## EXERCISE DATA
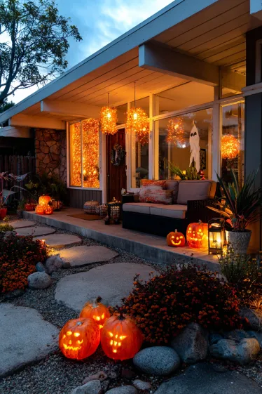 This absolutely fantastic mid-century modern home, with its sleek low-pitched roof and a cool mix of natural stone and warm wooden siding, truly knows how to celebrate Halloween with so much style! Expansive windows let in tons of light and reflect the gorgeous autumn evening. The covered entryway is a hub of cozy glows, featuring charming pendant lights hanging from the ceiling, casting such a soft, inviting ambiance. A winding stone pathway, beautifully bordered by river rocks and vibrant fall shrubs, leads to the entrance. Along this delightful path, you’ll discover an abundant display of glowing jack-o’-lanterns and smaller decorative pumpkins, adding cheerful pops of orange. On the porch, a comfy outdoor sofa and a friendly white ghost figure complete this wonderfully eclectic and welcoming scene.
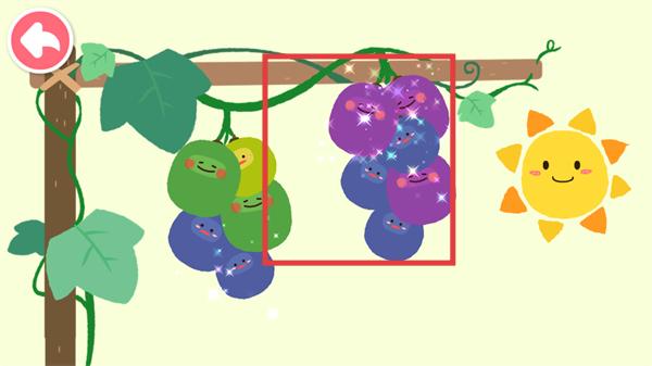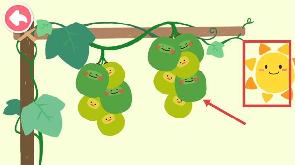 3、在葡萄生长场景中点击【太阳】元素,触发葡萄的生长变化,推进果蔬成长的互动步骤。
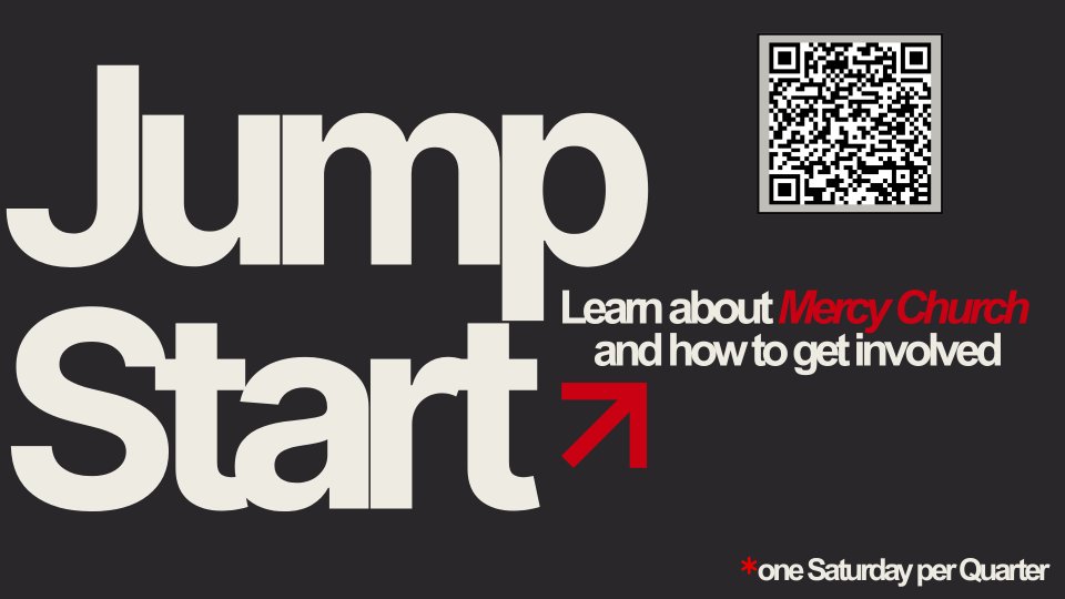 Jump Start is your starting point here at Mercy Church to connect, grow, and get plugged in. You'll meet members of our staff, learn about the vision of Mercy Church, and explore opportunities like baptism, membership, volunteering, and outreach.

## WHAT YOU ARE ASKED TO DO
With the pictures left out, give again exactly the lines from the one with "3、在葡萄生长场景中点击【太" through the end of the data, both included.

## REPLY
 3、在葡萄生长场景中点击【太阳】元素,触发葡萄的生长变化,推进果蔬成长的互动步骤。
 Jump Start is your starting point here at Mercy Church to connect, grow, and get plugged in. You'll meet members of our staff, learn about the vision of Mercy Church, and explore opportunities like baptism, membership, volunteering, and outreach.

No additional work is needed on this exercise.